*** The records Section Begins ***
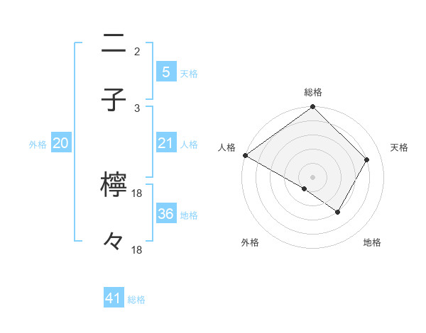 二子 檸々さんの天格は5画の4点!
*** The records Section Ends ***
*** The records Section Begins ***
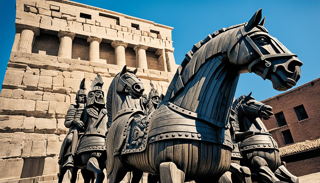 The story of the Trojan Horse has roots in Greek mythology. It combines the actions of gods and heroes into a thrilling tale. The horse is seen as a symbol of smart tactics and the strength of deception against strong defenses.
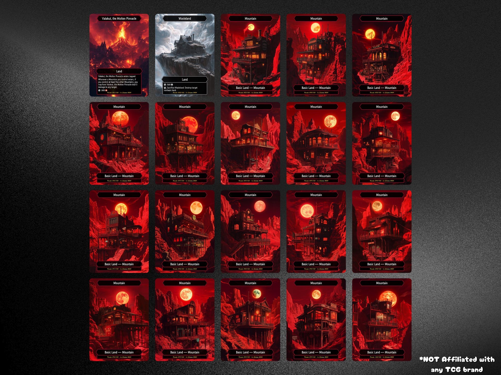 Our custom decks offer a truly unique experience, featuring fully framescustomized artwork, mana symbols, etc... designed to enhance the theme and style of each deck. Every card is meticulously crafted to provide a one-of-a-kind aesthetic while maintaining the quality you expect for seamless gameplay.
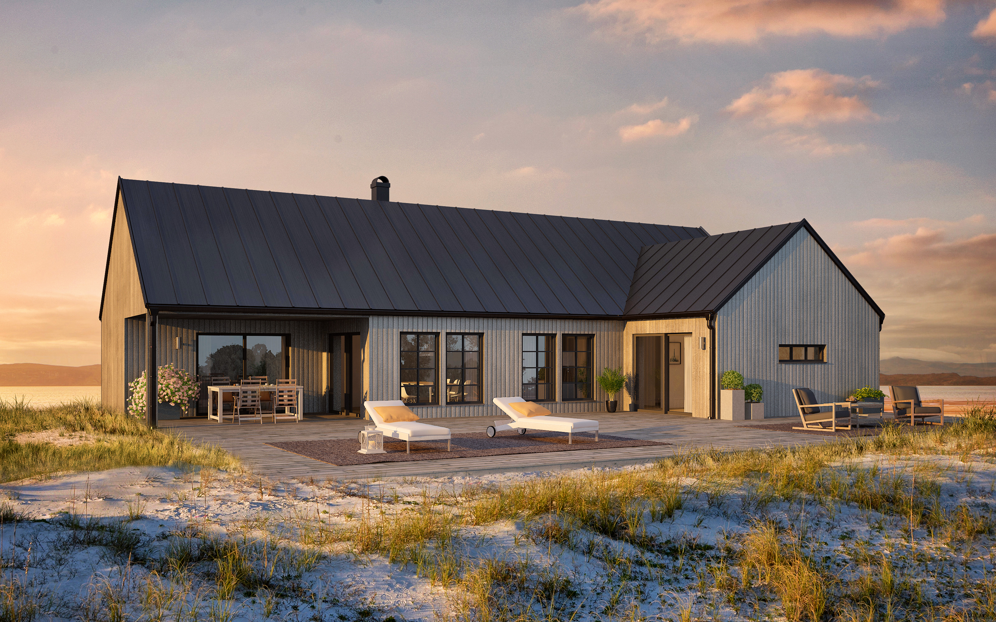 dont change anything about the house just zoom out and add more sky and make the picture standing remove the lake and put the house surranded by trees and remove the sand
*** The records Section Ends ***
*** The records Section Begins ***
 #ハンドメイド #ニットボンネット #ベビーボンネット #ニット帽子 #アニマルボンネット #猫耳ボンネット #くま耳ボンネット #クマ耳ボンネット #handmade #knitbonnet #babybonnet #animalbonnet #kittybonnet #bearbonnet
*** The records Section Ends ***
What you have to do
Your copy should hold only the lines above from the one containing "Our custom decks offer a" through the one containing "dont change anything", exactly as written and free of pictures.

Result for this exercise
 Our custom decks offer a truly unique experience, featuring fully framescustomized artwork, mana symbols, etc... designed to enhance the theme and style of each deck. Every card is meticulously crafted to provide a one-of-a-kind aesthetic while maintaining the quality you expect for seamless gameplay.
 dont change anything about the house just zoom out and add more sky and make the picture standing remove the lake and put the house surranded by trees and remove the sand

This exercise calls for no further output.